[[ DATA EXCERPTS, beginning ]]

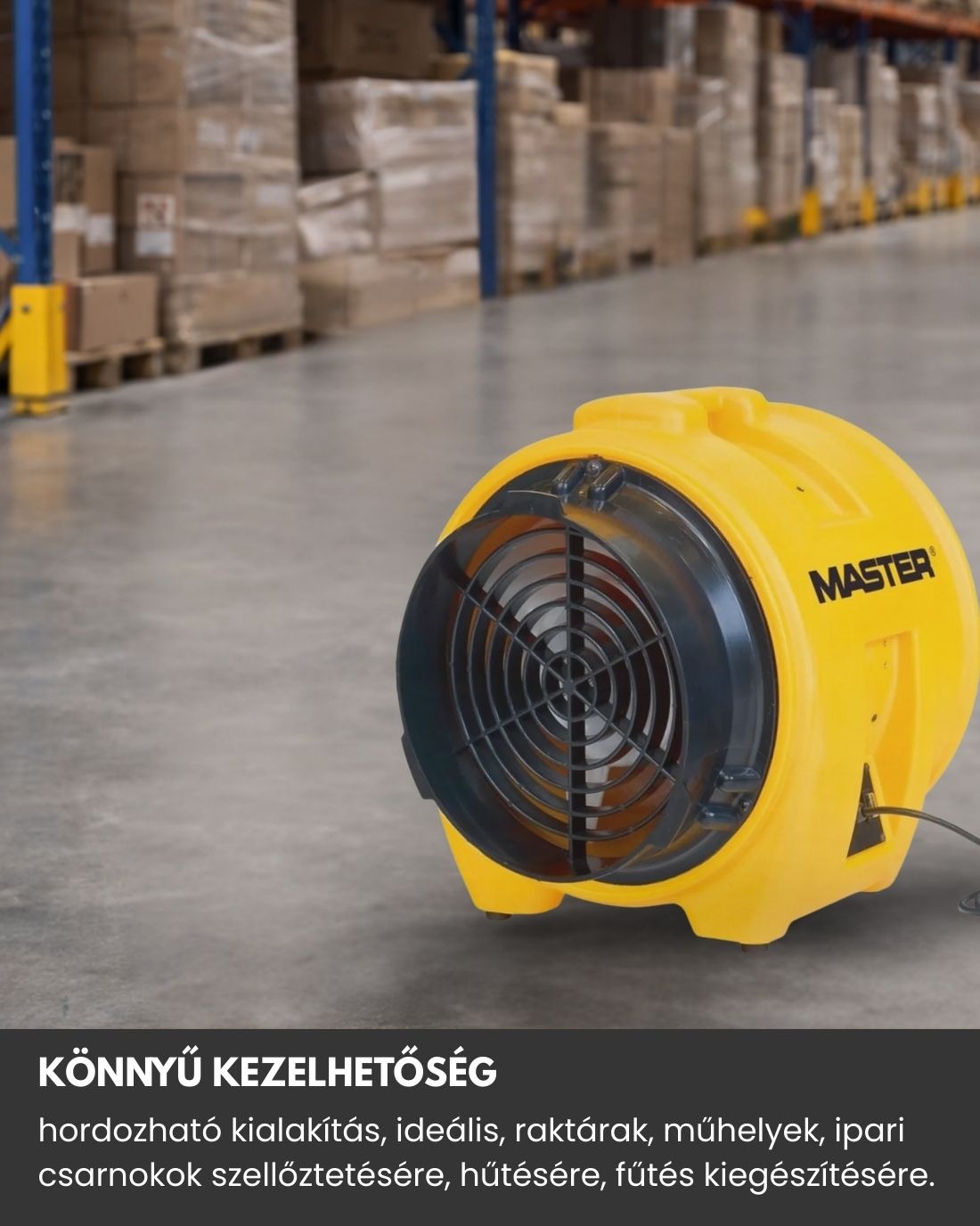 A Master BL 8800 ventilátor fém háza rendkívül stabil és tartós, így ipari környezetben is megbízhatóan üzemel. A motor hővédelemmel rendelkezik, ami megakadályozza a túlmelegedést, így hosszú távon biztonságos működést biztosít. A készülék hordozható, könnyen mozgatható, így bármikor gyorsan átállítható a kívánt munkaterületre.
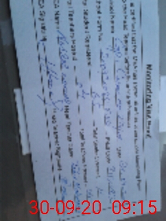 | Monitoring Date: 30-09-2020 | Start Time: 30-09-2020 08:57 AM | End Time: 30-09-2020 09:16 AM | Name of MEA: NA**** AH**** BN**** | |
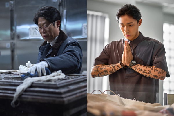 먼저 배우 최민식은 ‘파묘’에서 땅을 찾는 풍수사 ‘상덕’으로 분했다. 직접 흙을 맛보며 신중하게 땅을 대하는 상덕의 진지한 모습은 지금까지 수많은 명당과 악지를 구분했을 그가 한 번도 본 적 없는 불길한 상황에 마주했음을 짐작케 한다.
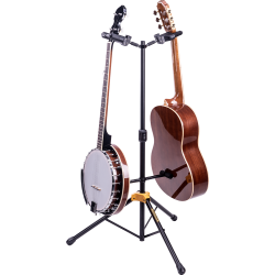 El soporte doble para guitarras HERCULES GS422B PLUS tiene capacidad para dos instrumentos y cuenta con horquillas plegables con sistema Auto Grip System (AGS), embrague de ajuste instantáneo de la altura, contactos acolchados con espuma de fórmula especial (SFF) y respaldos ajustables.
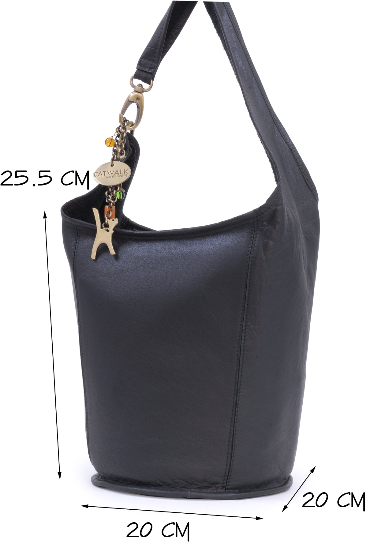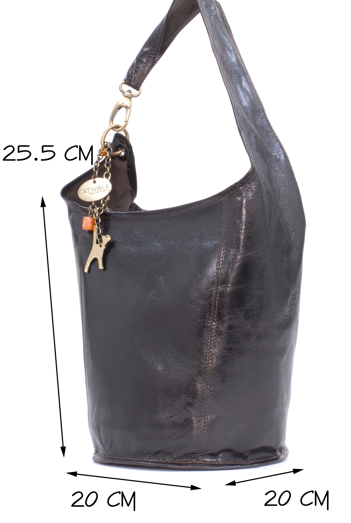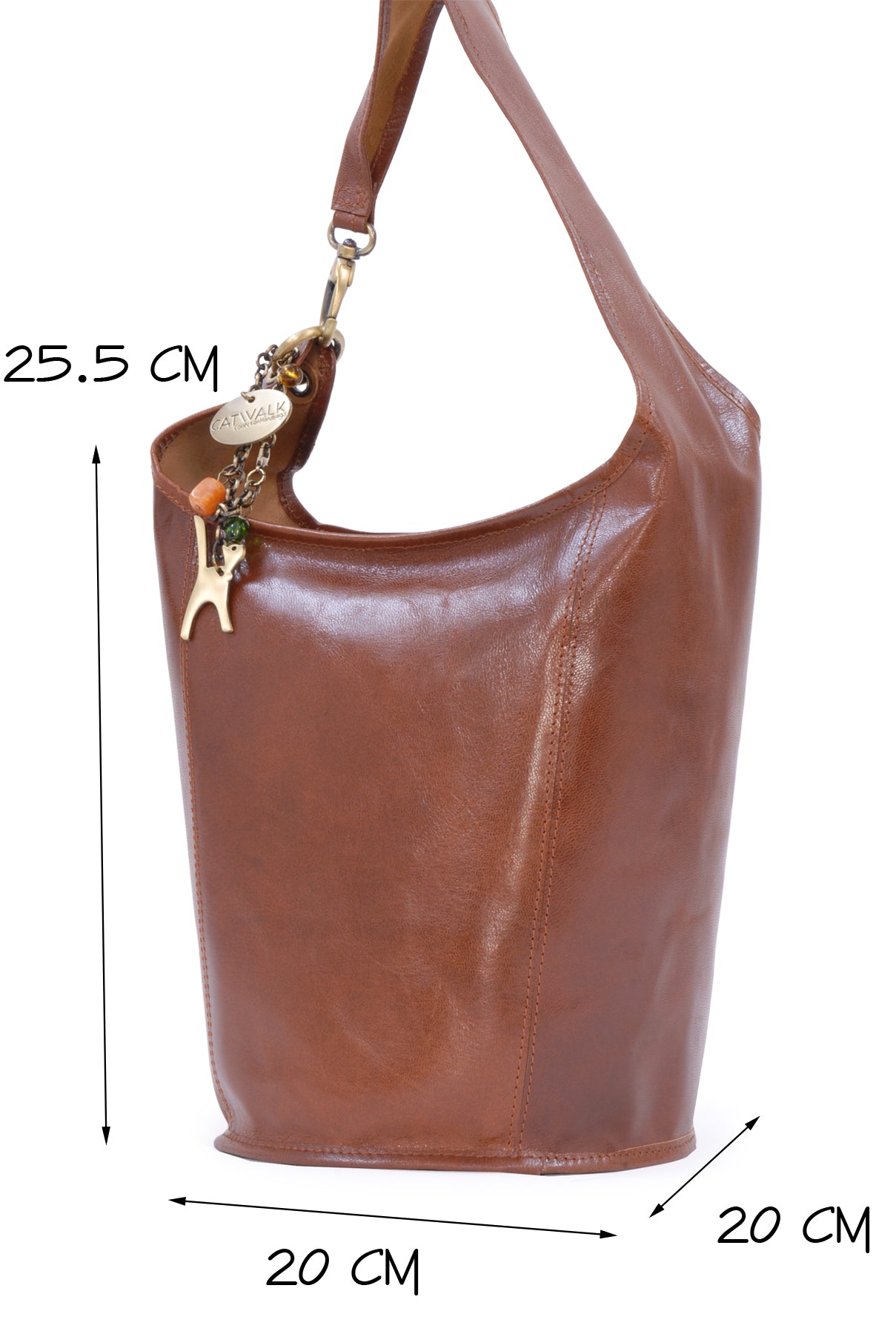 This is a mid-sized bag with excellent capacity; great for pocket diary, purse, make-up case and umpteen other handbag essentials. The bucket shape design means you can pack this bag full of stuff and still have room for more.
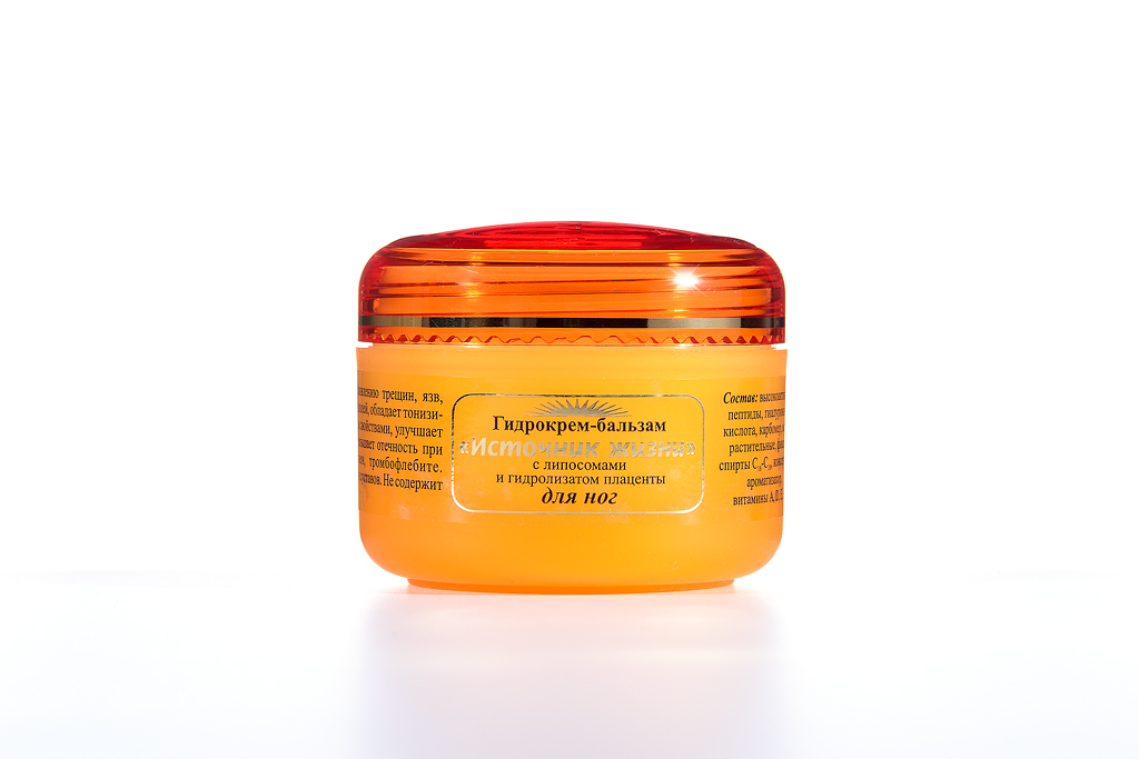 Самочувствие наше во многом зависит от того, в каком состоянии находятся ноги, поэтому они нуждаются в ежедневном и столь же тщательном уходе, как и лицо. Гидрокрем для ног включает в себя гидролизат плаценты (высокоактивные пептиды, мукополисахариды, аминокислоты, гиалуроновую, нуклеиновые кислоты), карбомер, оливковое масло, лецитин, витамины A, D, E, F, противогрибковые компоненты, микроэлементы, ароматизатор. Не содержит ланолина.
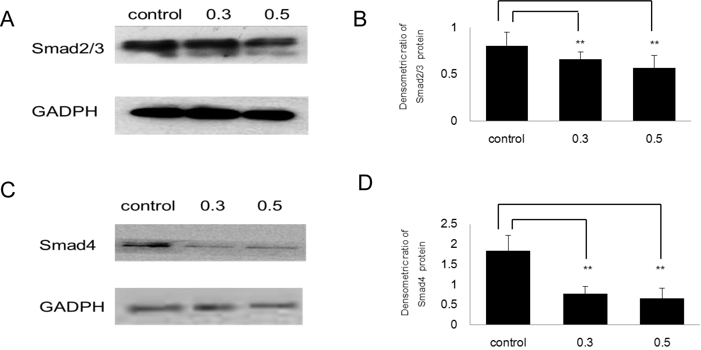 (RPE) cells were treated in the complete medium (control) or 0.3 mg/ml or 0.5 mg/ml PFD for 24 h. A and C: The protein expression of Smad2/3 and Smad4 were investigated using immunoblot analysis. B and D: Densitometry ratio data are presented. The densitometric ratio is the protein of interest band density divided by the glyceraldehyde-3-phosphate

[[ DATA EXCERPTS, end ]]

■ **WHAT IS BEING ASKED**: Please copy every record above exactly, but leave the pictures out.

■ **THE ANSWER**:
 A Master BL 8800 ventilátor fém háza rendkívül stabil és tartós, így ipari környezetben is megbízhatóan üzemel. A motor hővédelemmel rendelkezik, ami megakadályozza a túlmelegedést, így hosszú távon biztonságos működést biztosít. A készülék hordozható, könnyen mozgatható, így bármikor gyorsan átállítható a kívánt munkaterületre.
 | Monitoring Date: 30-09-2020 | Start Time: 30-09-2020 08:57 AM | End Time: 30-09-2020 09:16 AM | Name of MEA: NA**** AH**** BN**** | |
 먼저 배우 최민식은 ‘파묘’에서 땅을 찾는 풍수사 ‘상덕’으로 분했다. 직접 흙을 맛보며 신중하게 땅을 대하는 상덕의 진지한 모습은 지금까지 수많은 명당과 악지를 구분했을 그가 한 번도 본 적 없는 불길한 상황에 마주했음을 짐작케 한다.
 El soporte doble para guitarras HERCULES GS422B PLUS tiene capacidad para dos instrumentos y cuenta con horquillas plegables con sistema Auto Grip System (AGS), embrague de ajuste instantáneo de la altura, contactos acolchados con espuma de fórmula especial (SFF) y respaldos ajustables.
 This is a mid-sized bag with excellent capacity; great for pocket diary, purse, make-up case and umpteen other handbag essentials. The bucket shape design means you can pack this bag full of stuff and still have room for more.
 Самочувствие наше во многом зависит от того, в каком состоянии находятся ноги, поэтому они нуждаются в ежедневном и столь же тщательном уходе, как и лицо. Гидрокрем для ног включает в себя гидролизат плаценты (высокоактивные пептиды, мукополисахариды, аминокислоты, гиалуроновую, нуклеиновые кислоты), карбомер, оливковое масло, лецитин, витамины A, D, E, F, противогрибковые компоненты, микроэлементы, ароматизатор. Не содержит ланолина.
 (RPE) cells were treated in the complete medium (control) or 0.3 mg/ml or 0.5 mg/ml PFD for 24 h. A and C: The protein expression of Smad2/3 and Smad4 were investigated using immunoblot analysis. B and D: Densitometry ratio data are presented. The densitometric ratio is the protein of interest band density divided by the glyceraldehyde-3-phosphate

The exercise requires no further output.